Recorded data:
"""

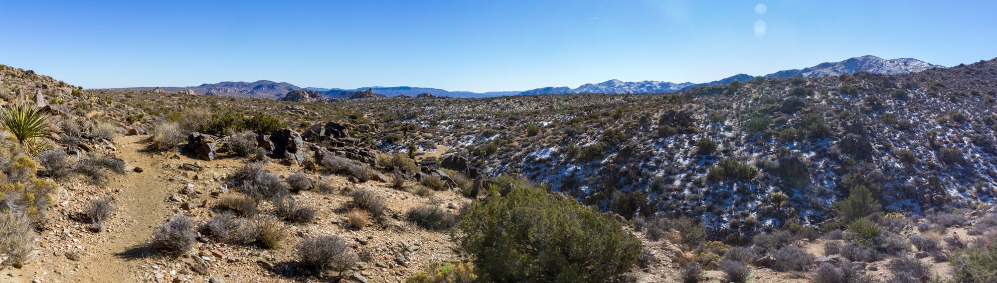 This final section of the hike is by far the easiest of the three trail sections. The trail traverses the vast expanse of Queen Valley, providing views of the wide-open desert vistas as it transitions from the Mojave to the Colorado Desert. The vegetation shifts from Joshua trees and junipers to creosote bushes and cholla cacti. This segment ends at the Twin Tanks Backcountry Board trailhead. White Tank Campground is located just a half mile away.
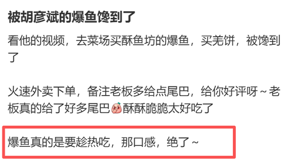 还有网友立马去打卡同款“胡彦斌三件套”,反馈“熏鱼趁热吃夯爆了”!
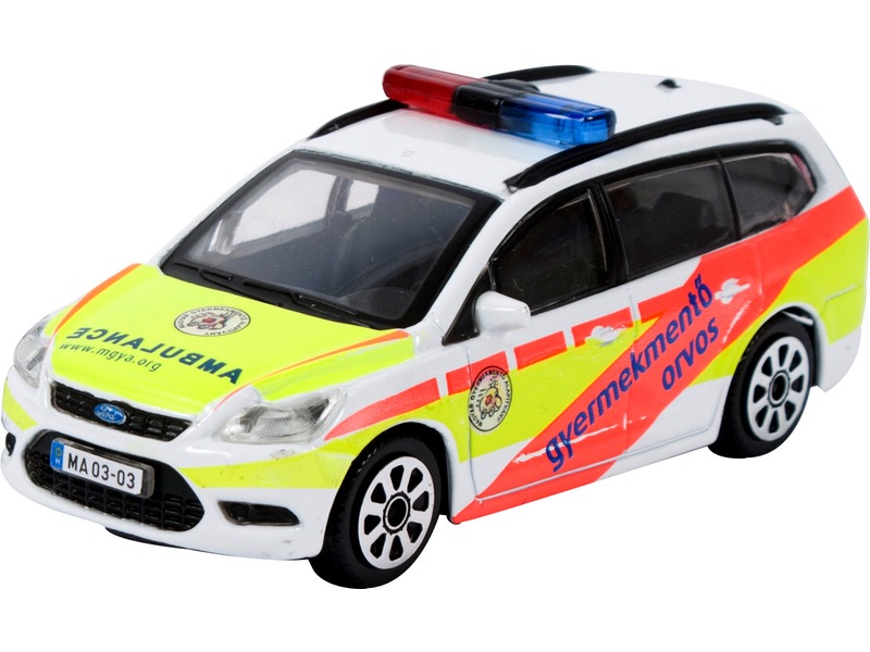 A Magyar Gyermekmentő Alapítvány által használt autók kicsinyített mása. A Bburago gyermek mentőorvosi kocsi egy Ford Focus autó, villogóval és az itthoni mentőorvosi autók festésével. A kisautó fémből és műanyagból készült, bármilyen 1:43 méretarányú pályán használható. Az autó motorháztetején az Ambulance felirat, a Magyar Gyermekmentő Alapítvány logója szerepel, az oldalán a gyermekmentő orvos felirat díszíti. Méretek: 10 x 4 x 4 cm.
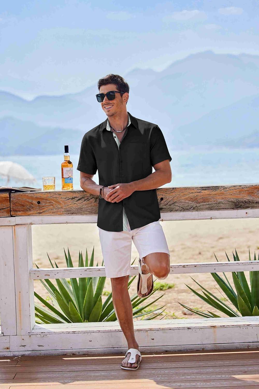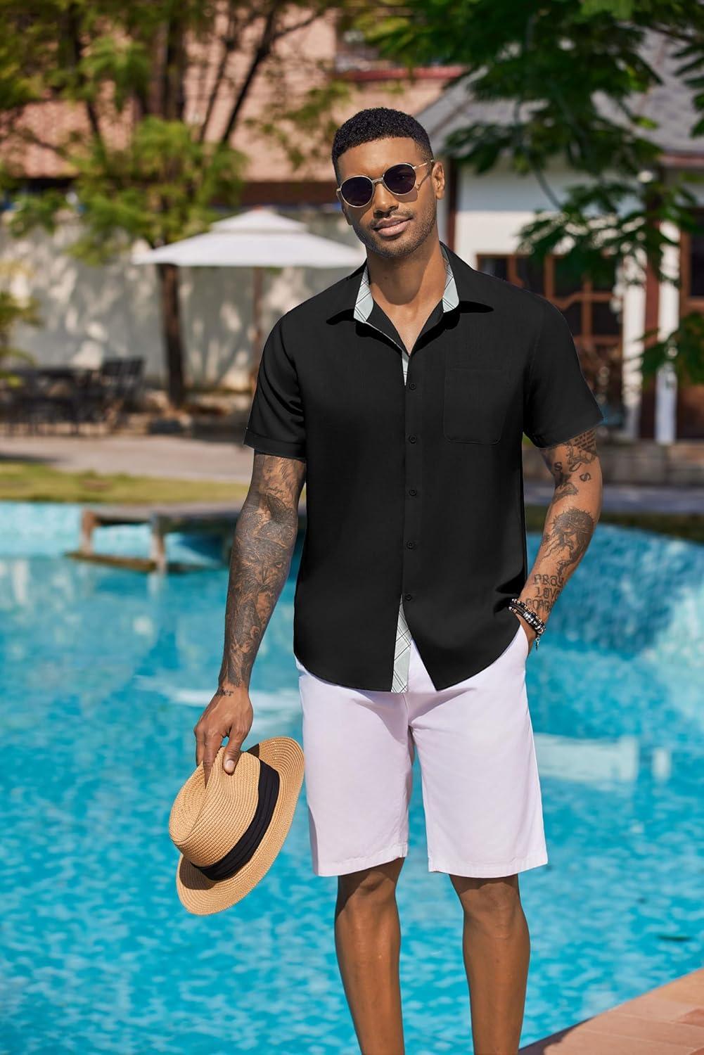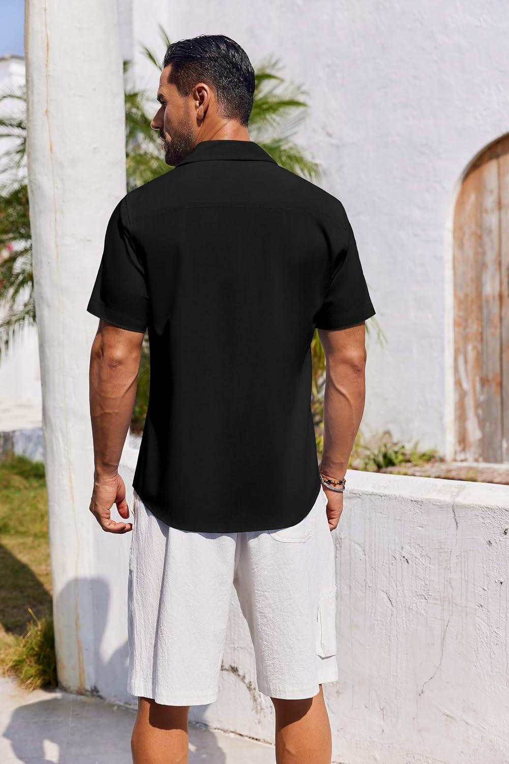COOFANDY Mens Button Down Shirts Short Sleeve Casual Linen Shirts for Men Summer Beach Wedding Shirt(Black)

"""

Task to carry out:
Write out the full listing verbatim, excluding its pictures.

Answer area:
 This final section of the hike is by far the easiest of the three trail sections. The trail traverses the vast expanse of Queen Valley, providing views of the wide-open desert vistas as it transitions from the Mojave to the Colorado Desert. The vegetation shifts from Joshua trees and junipers to creosote bushes and cholla cacti. This segment ends at the Twin Tanks Backcountry Board trailhead. White Tank Campground is located just a half mile away.
 还有网友立马去打卡同款“胡彦斌三件套”,反馈“熏鱼趁热吃夯爆了”!
 A Magyar Gyermekmentő Alapítvány által használt autók kicsinyített mása. A Bburago gyermek mentőorvosi kocsi egy Ford Focus autó, villogóval és az itthoni mentőorvosi autók festésével. A kisautó fémből és műanyagból készült, bármilyen 1:43 méretarányú pályán használható. Az autó motorháztetején az Ambulance felirat, a Magyar Gyermekmentő Alapítvány logója szerepel, az oldalán a gyermekmentő orvos felirat díszíti. Méretek: 10 x 4 x 4 cm.
COOFANDY Mens Button Down Shirts Short Sleeve Casual Linen Shirts for Men Summer Beach Wedding Shirt(Black)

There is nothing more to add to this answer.